┏━━
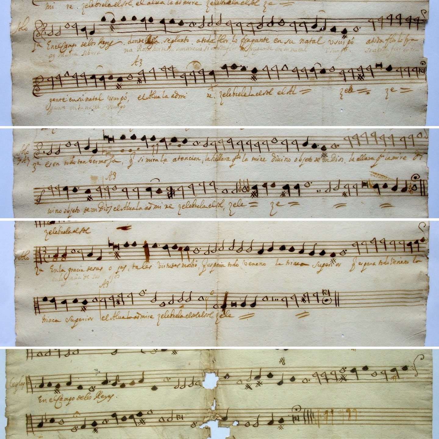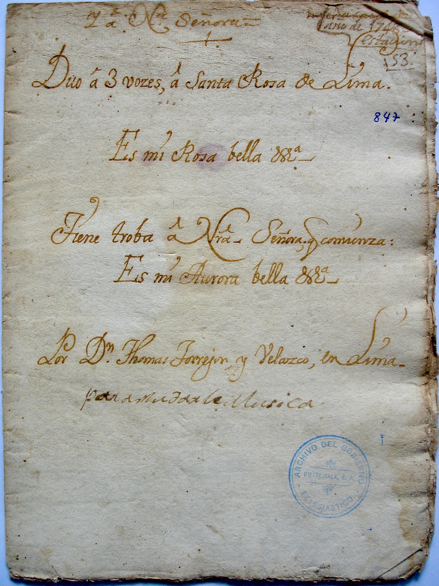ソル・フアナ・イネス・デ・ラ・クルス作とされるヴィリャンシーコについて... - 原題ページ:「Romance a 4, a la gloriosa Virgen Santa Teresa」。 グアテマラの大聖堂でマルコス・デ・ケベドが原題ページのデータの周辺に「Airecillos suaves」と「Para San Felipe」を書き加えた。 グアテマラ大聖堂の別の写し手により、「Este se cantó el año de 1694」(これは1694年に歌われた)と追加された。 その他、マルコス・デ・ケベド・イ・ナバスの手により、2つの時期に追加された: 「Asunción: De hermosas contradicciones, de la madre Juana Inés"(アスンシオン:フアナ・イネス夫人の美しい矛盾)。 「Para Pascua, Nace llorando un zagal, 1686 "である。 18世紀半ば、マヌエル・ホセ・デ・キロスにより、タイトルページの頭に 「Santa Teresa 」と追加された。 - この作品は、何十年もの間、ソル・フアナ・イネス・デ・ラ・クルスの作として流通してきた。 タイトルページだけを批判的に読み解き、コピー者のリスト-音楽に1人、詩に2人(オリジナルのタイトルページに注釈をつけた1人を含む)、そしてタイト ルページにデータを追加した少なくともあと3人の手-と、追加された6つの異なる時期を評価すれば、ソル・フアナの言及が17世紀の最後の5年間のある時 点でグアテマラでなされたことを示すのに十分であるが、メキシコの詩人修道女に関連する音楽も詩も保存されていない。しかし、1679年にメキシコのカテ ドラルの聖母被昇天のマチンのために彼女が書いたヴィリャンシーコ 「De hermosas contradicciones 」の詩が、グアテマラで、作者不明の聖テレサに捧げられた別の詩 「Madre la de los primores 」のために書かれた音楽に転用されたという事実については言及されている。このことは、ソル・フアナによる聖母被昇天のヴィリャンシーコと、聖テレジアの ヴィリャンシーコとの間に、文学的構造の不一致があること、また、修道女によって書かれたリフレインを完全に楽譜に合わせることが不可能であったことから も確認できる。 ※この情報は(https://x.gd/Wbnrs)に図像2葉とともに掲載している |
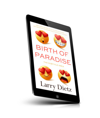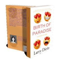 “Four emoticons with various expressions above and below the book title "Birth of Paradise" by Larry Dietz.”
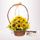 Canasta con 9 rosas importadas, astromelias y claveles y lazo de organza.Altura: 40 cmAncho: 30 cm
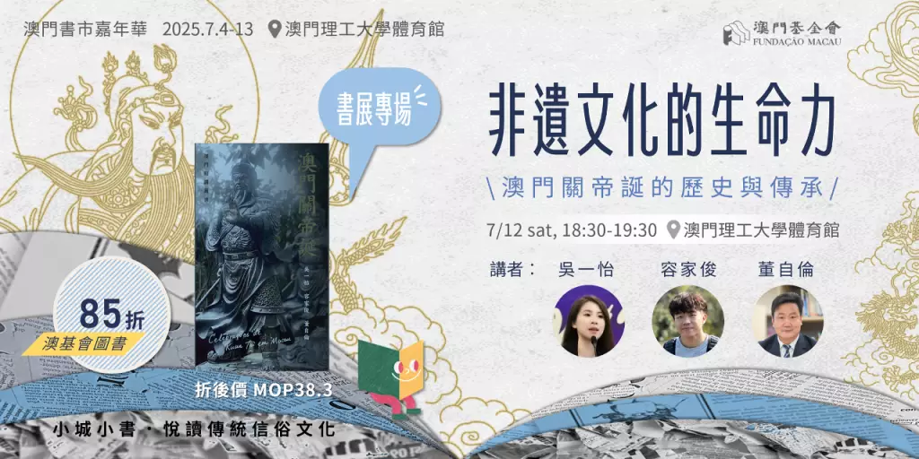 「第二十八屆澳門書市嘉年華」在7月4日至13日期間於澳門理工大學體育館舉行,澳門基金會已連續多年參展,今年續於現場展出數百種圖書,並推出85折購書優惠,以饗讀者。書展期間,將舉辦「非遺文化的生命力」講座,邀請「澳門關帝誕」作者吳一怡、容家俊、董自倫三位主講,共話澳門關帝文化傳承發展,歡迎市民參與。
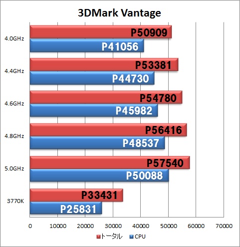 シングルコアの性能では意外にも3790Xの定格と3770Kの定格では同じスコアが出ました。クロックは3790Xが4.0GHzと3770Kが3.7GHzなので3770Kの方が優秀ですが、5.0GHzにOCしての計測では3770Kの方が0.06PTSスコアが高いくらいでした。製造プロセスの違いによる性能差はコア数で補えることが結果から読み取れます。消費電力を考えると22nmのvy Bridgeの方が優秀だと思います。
┗━━
**WHAT YOU NEED TO DO:**
Copy every line of the records exactly as it is written, but not the pictures.

**OUTPUT:**
ソル・フアナ・イネス・デ・ラ・クルス作とされるヴィリャンシーコについて... - 原題ページ:「Romance a 4, a la gloriosa Virgen Santa Teresa」。 グアテマラの大聖堂でマルコス・デ・ケベドが原題ページのデータの周辺に「Airecillos suaves」と「Para San Felipe」を書き加えた。 グアテマラ大聖堂の別の写し手により、「Este se cantó el año de 1694」(これは1694年に歌われた)と追加された。 その他、マルコス・デ・ケベド・イ・ナバスの手により、2つの時期に追加された: 「Asunción: De hermosas contradicciones, de la madre Juana Inés"(アスンシオン:フアナ・イネス夫人の美しい矛盾)。 「Para Pascua, Nace llorando un zagal, 1686 "である。 18世紀半ば、マヌエル・ホセ・デ・キロスにより、タイトルページの頭に 「Santa Teresa 」と追加された。 - この作品は、何十年もの間、ソル・フアナ・イネス・デ・ラ・クルスの作として流通してきた。 タイトルページだけを批判的に読み解き、コピー者のリスト-音楽に1人、詩に2人(オリジナルのタイトルページに注釈をつけた1人を含む)、そしてタイト ルページにデータを追加した少なくともあと3人の手-と、追加された6つの異なる時期を評価すれば、ソル・フアナの言及が17世紀の最後の5年間のある時 点でグアテマラでなされたことを示すのに十分であるが、メキシコの詩人修道女に関連する音楽も詩も保存されていない。しかし、1679年にメキシコのカテ ドラルの聖母被昇天のマチンのために彼女が書いたヴィリャンシーコ 「De hermosas contradicciones 」の詩が、グアテマラで、作者不明の聖テレサに捧げられた別の詩 「Madre la de los primores 」のために書かれた音楽に転用されたという事実については言及されている。このことは、ソル・フアナによる聖母被昇天のヴィリャンシーコと、聖テレジアの ヴィリャンシーコとの間に、文学的構造の不一致があること、また、修道女によって書かれたリフレインを完全に楽譜に合わせることが不可能であったことから も確認できる。 ※この情報は(https://x.gd/Wbnrs)に図像2葉とともに掲載している |
 “Four emoticons with various expressions above and below the book title "Birth of Paradise" by Larry Dietz.”
 Canasta con 9 rosas importadas, astromelias y claveles y lazo de organza.Altura: 40 cmAncho: 30 cm
 「第二十八屆澳門書市嘉年華」在7月4日至13日期間於澳門理工大學體育館舉行,澳門基金會已連續多年參展,今年續於現場展出數百種圖書,並推出85折購書優惠,以饗讀者。書展期間,將舉辦「非遺文化的生命力」講座,邀請「澳門關帝誕」作者吳一怡、容家俊、董自倫三位主講,共話澳門關帝文化傳承發展,歡迎市民參與。
 シングルコアの性能では意外にも3790Xの定格と3770Kの定格では同じスコアが出ました。クロックは3790Xが4.0GHzと3770Kが3.7GHzなので3770Kの方が優秀ですが、5.0GHzにOCしての計測では3770Kの方が0.06PTSスコアが高いくらいでした。製造プロセスの違いによる性能差はコア数で補えることが結果から読み取れます。消費電力を考えると22nmのvy Bridgeの方が優秀だと思います。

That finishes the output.